Source records
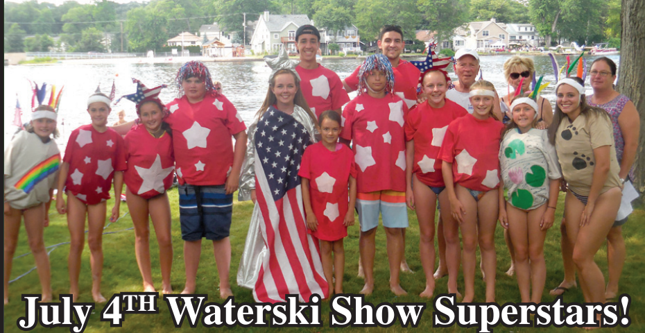
July 4 TH Waterski Show Superstars!
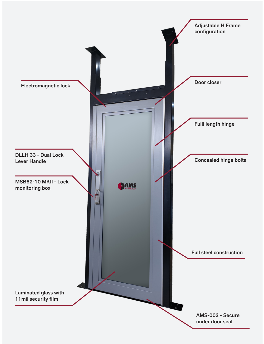
PSDS - Perimeter Security Door Solution
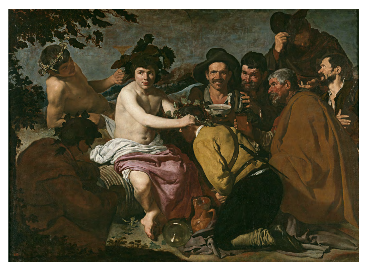
Figure 3: Diego Velázquez, El triunfo de Baco, o Los borrachos , 1628-9, Oil on canvas, 165 x 225 cm, Colección Real, Museo Nacional del Prado, Madrid.

Triumph of Bacchus], popularly known as Los borrachos [The Drunkards], by the Spanish master Diego Velázquez.
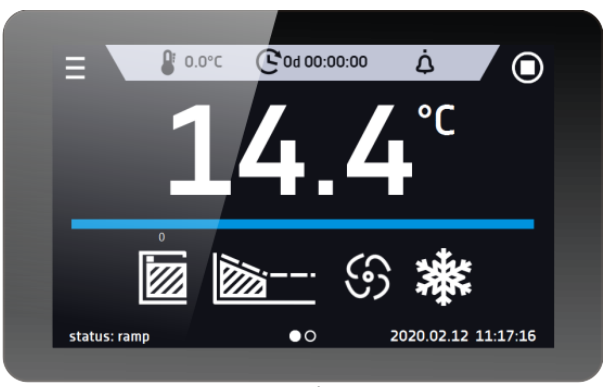
Smart - preview screen
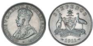
1528* George V, 1911. Well struck, uncirculated.
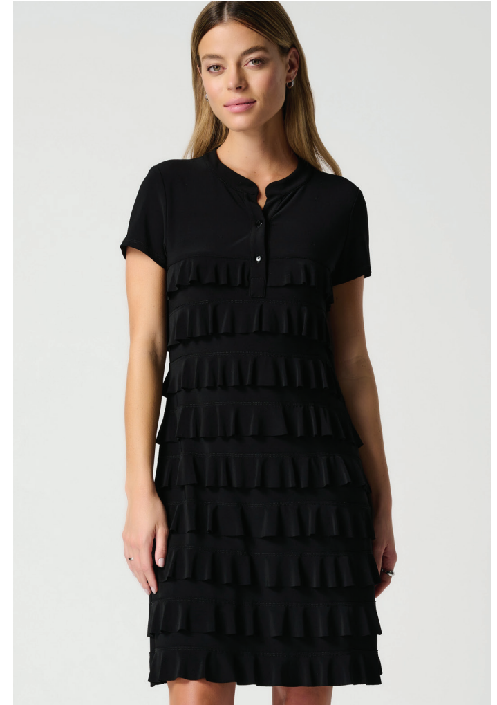
Ruffle Dress 211350NOS
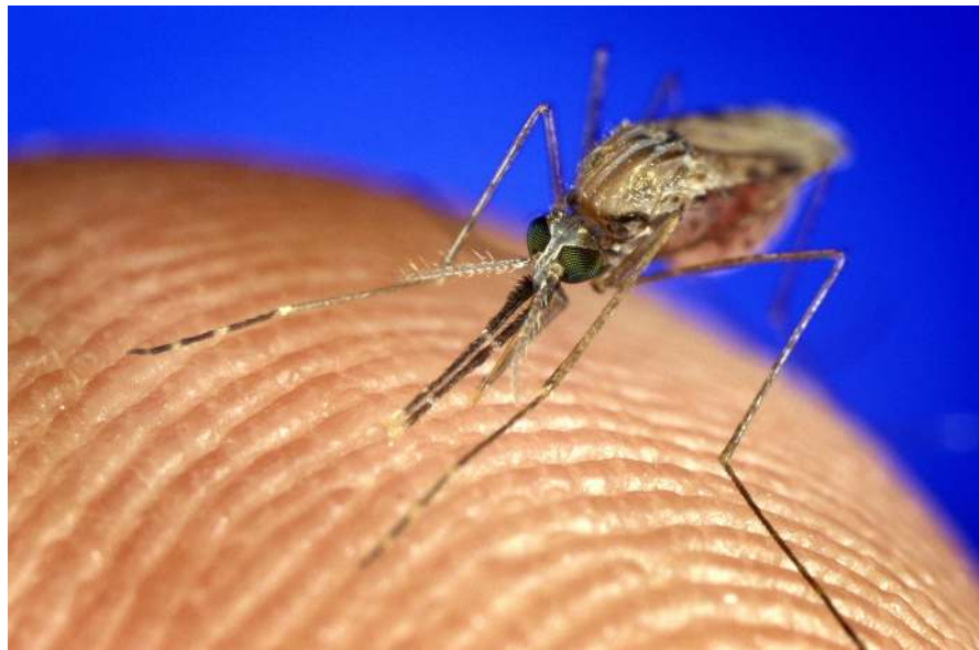
Trends in Ecology & Evolution

Synthetic drive systems have applications far beyond insect population control [92], including agriculture [93], controlling invasive species and pests, or even conservation [92]. We discuss the significant challenges and risks involved in the release of any such drive system in Box 3.
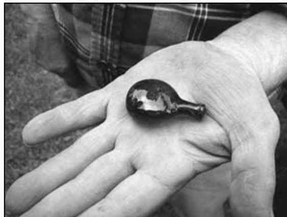
Small chestnut-type bottle found at the Pitkin Glass Works.

The most significant artifact found in a recent dig is a small Pitkin chestnut bottle only 1.85 inches high.
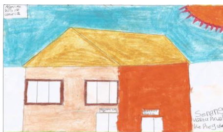
Figure 4 - "I am happy to be moved to mainstream class. I am moved to mainstream class because I can do the lessons." (Ab, year 5 mainstream class)

This type of experience is unique to students at SDK since the school has two types of classes. Some students with special needs have experiences of being moved from special classes to mainstream classes. This experience is viewed as happy experiences with reasons expressed such as more chances to learn, being smarter, study harder, bigger classroom and chances to have more friends.
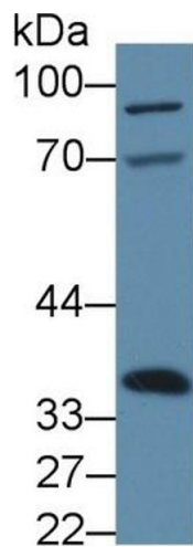
Western Blotting Image 1. Western Blot; Sample: Mouse Liver lysate; ;Primary Ab: 3µg/ml Rabbit Anti-Mouse ANXA4 Antibody;Second Ab: 0.2µg/mL HRP-Linked Caprine Anti-Rabbit IgG Polyclonal Antibody;(Catalog: SAA544Rb19)
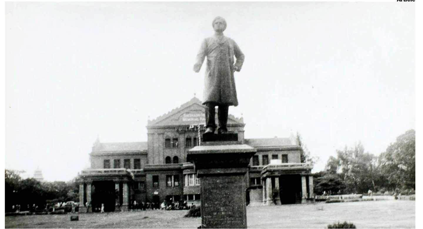
Bowring Institute, Bengaluru

This easily moth eaten European invention of communication came to Indian shores hidden in the racks of those merchant ships like mice in a ship's dirty lower decks. The Indians of the yore didn't take to this inexplicable import instantly, being suspicious of its true intentions but by & by took an earnest interest as they probably suspected it might contain the secret to the white man's craftiness.

### WHAT YOU SHOULD DO
Find each line in the records that includes the word "Velázquez". Report the total and nothing more.

### OUTPUT OF THE TASK
2